As you sow, so shall you reap, they say. As you measure, so shall you reap, say the business managers. The fact that the performance pay of fund managers depends on the measure applied, the value of which remains questionable to investors, is a problem evident around the world.
Chapter one emphasised that it is very difficult to find a fund manager with the ability to outsmart the market. It is even more difficult to find a fund manager with the ability to significantly outsmart the market. So much so as to be able to provide investors with a higher-than-market-average yield, even after major expenses incurred in the process.
Nonetheless, let us presume that you get an opportunity to use the services of an investment expert, whose skills and abilities can be considered truly exceptional. Now what?
Let us now consider your objectives. What would you like your expert to do for you? If you are saving up for your pension, you probably want your assets to grow as much as possible until the day you decide to start using the savings. This day could be twenty years or even fifty years away. In all likelihood, it is not any day next year.
1. Standard fund agreements do not motivate fund managers to generate the best yield
Now sign an agreement with the expert – an agreement which would motivate him to strive towards the established objectives.
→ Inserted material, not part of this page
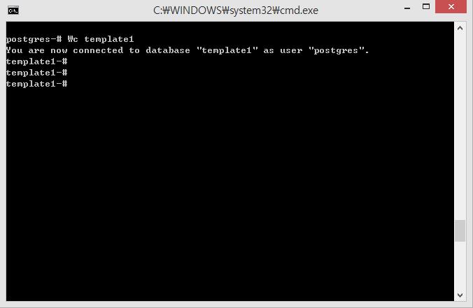 서버에 접속되어 있는 다른 Database에 접속하려면 \c DBNAME을 입력하면 다른 Database에 접속할 수 있다. Ex) \c template1

If you are interested in high long-term yield, you should also establish long-term conditions for the agreement. For example, the fund manager should receive performance pay – after every five years (better yet, ten years), the fund manager should receive a portion of the yield generated. This percentage may be quite high – if you are earning well, why shouldn’t the fund manager? For example, a fifth (20%) of the yield generated.
Is your expert willing to sit down and discuss your contractual terms and conditions?
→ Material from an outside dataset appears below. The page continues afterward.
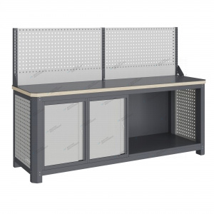 Рама верстака выполнена их холоднокатаной стали. Опоры допускают частичную регулировку по высоте для компенсации неровности пола. Все металлические элементы покрыты полиэфирной порошковой краской, обеспечивающей хорошую износостойкость покрытия и невосприимчивость его к моющим средствам и смазочным веществам. Верстак имеет декларацию соответствия ТР ТС 025/2012 «О безопасности мебельной продукции». Верстак имеет сертификат соответствия ГОСТ Р 58863-2020 «Столы производственные. Верстаки из металла. Общие технические условия». Столешница состоит из листа влагостойкой фанеры марки ФСФ толщиной 40 мм, которая покрыта лаком-антисептиком и листом горячекатаной стали толщиной 5 мм. Глубина столешниц 743 мм. Максимальная масса груза, равномерно распределенного по столешнице, составляет 1500 кг. Модуль верстака выполнен сварными. Ящики в модулях устанавливаются на шариковых телескопических направляющих полного выдвижения. В модуле S7 установлена дверь и две полки. Дверь имеет размеры (ВхШхГ), не более: 578 х 367 х 25 мм. Полка модуля имеет размеры (ВхШхГ), не более: 25 х 367 х 510 мм. Максимально допустимая масса груза, равномерно распределенного по поверхности полки 31 кг. Комплект полка-стенка SW1. Размеры полки (ВхШхГ), не более: 35 х 415 х 619 мм. Размеры стенки (ВхШхГ), не более: 652 х 415 х 25 мм. Максимально допустимая масса груза, равномерно распределенного по поверхности полки 31 кг. Модули с ящиками снабжены общим центральным замком с поворотом ригеля 180 градусов и подпружиненной тягой. В комплекте два ключа для каждого замка. Квадратная перфорация на элементах верстака предназначена для установки крючков, держателей и других аксессуаров, имеет размеры: квадрат 12х12мм. шаг 38мм. Экран (перфорированная панель) верстака выполнен с квадратной перфорацией 12х12 мм с шагом 38 мм для установки крючков, держателей и других аксессуаров. Экран крепятся к столешнице с помощью специальных кронштейнов. Максимальная масса груза, равномерно распределенного по поверхности экрана, составляет 71 кг. Характеристики **Габариты и вес товара с упаковкой Общий вес с упаковкой - 0 кг Упаковка Размеры упаковки (Д*Ш*В), мм Вес, кг Упаковка №1 x x 0 ** Теоретический вес

With pension funds and most investment services offered by banks, there are no negotiations. A teller or a staff member referred to as an “investment consultant” simply presents you with a standard agreement. All you can do is give your signature. You cannot even refuse: the second pillar is mandatory.
Swedbank stated in its last year’s newsletter addressed to pension fund customers that Swedbank has taken less than a half of the yield generated by the customers. Naturally, the yield was below market average. Therein lies the problem – the bank would have charged as much in commission fees if the customers’ yield had been negative.
2. Commission fees charged by pension fund management companies depend on asset volumes rather than yield
Why shouldn’t the commission fees of management companies and fund managers depend on how well they perform their duties? Because bank’s have ulterior motives.
The quality of life allowed by your pension assets in the future will only depend on a single measure – yield on your pension fund assets over your lifetime.
The profit to be earned by the owners of Estonian pension fund management companies also depends on a single measure – the fund asset volume.
Second-pillar pension fund asset volume is mainly enhanced by the number of people transferring their mandatory pension payments into the fund.
This is the reason for the horde of pension fund sales agents in our shopping centres, using their charisma and tireless consistency to talk you into changing the fund. Indeed, a bulk of the fee paid to the management company is spent on active sales work. Over a half of the yield of Estonian pension fund management companies is spent on sales and marketing expenses.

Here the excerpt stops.